Overview
Psychiatric disorders are ubiquitous in medical settings and represent a major source of morbidity, functional decline, and healthcare expenditure. The relationship between mental and physical illness is bidirectional and complex: medical illness can directly cause psychiatric syndromes through neurobiological mechanisms, or indirectly through psychological and social consequences of illness; conversely, pre-existing psychiatric disorders influence the onset, course, and outcome of medical conditions. The field of consultation-liaison (C-L) psychiatry, central to psychosomatic medicine, addresses these interactions in both inpatient and outpatient settings.

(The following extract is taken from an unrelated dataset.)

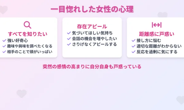 一目惚れした女性の心理は、好みの男性に出会った瞬間に、強い感情に駆られることが特徴です。

The term "Psychosomatic Medicine" was first used by Felix Deutsch in the early 1920s; the field was formalised with the publication of the journal Psychosomatic Medicine in 1939 and the founding of the American Psychosomatic Society in 1947.
DSM-5-TR organises psychiatric disorders arising in the context of medical illness into several categories: mental disorder due to another medical condition (covering depressive, bipolar, psychotic, anxiety, obsessive-compulsive, catatonic, and personality change syndromes), delirium and major and mild neurocognitive disorders, somatic symptom and related disorders (SSDs), and psychological factors affecting other medical conditions (PFAOMC). Notable DSM-5-TR changes from DSM-IV-TR include: addition of obsessive-compulsive and related disorder due to another medical condition; removal of amnestic disorder and sleep disorder due to another medical condition; specification of depressive or bipolar illness due to another medical condition; and inclusion of factitious disorder and PFAOMC within the SSD chapter. Understanding this spectrum is essential for RANZCP-level practice.
Epidemiology
Psychiatric morbidity is substantially more common in medical settings than in the community:
| Setting | Approximate Psychiatric Prevalence |
|---|---|
| General community | ~15-20% (12-month) |
| Primary care / ambulatory | ~20-30% |
| General hospital inpatients | ~30-40% overall |
| Intensive care units | >50% (includes delirium) |
| Long-term care / residential aged care | >60% |
Key epidemiological findings:
- Depressive disorders occur at more than twice the community rate among general hospital inpatients.
- Delirium affects approximately 20% of general medical inpatients; rates rise to 43-65% in HIV-infected hospitalised patients and are higher post-operatively, in ICU settings, and on a background of pre-existing neurocognitive disorder.
- Substance use disorders are two to three times more prevalent in hospitalised patients than in community samples.
- Anxiety disorders are the most prevalent psychiatric disorders of childhood, with an estimated lifetime prevalence of 15-20%; prevalence rises to 20-35% in medically ill children.
- Major depressive disorder occurs in approximately 25% of older home-care recipients, 11% of medically hospitalised older adults, and up to 48% of those in long-term care.
- Among older adults in primary care, approximately 30% have at least one active psychiatric diagnosis; 10-15% have clinically significant depressive syndromes (major depression, dysthymia, or minor depression); 5-10% have dementia; and 2-5% have alcohol use disorder or psychosis.
- Bipolar disorder in people aged over 60 accounts for approximately 25% of the total bipolar disease burden; rates across clinical settings range from 3% in nursing home residents to up to 17% in emergency psychiatric settings.
- Among medically ill children, depression prevalence is two to three times that of healthy peers in those with diabetes, 16.3% vs 8.6% in youths with asthma, and approximately five times the general paediatric rate in those with complex partial or absence epilepsy.
Comorbid psychiatric illness consistently increases length of inpatient stay, rehospitalisation rates, and overall healthcare costs.
Aetiology and Pathophysiology
Mechanisms of Psychiatric Disorder in Medical Illness
Three broad causal frameworks operate, often simultaneously:
| Mechanism | Examples |
|---|---|
| Direct biological effect of disease on the brain | Hypothyroidism → depression; autoantibody-mediated limbic encephalitis → psychosis; carcinoma → depression via cytokine dysregulation; SLE → depression or psychosis |
| Iatrogenic / treatment effects | Corticosteroids → mania/psychosis; interferon-alpha → depression; beta-blockers → fatigue mimicking depression |
| Psychological and social consequences of illness | Adjustment disorder; loss of role and function; grief; social isolation; financial and nutritional insecurity |
A fourth pathway, chance co-occurrence, should also be recognised, given that both psychiatric and medical disorders are individually common.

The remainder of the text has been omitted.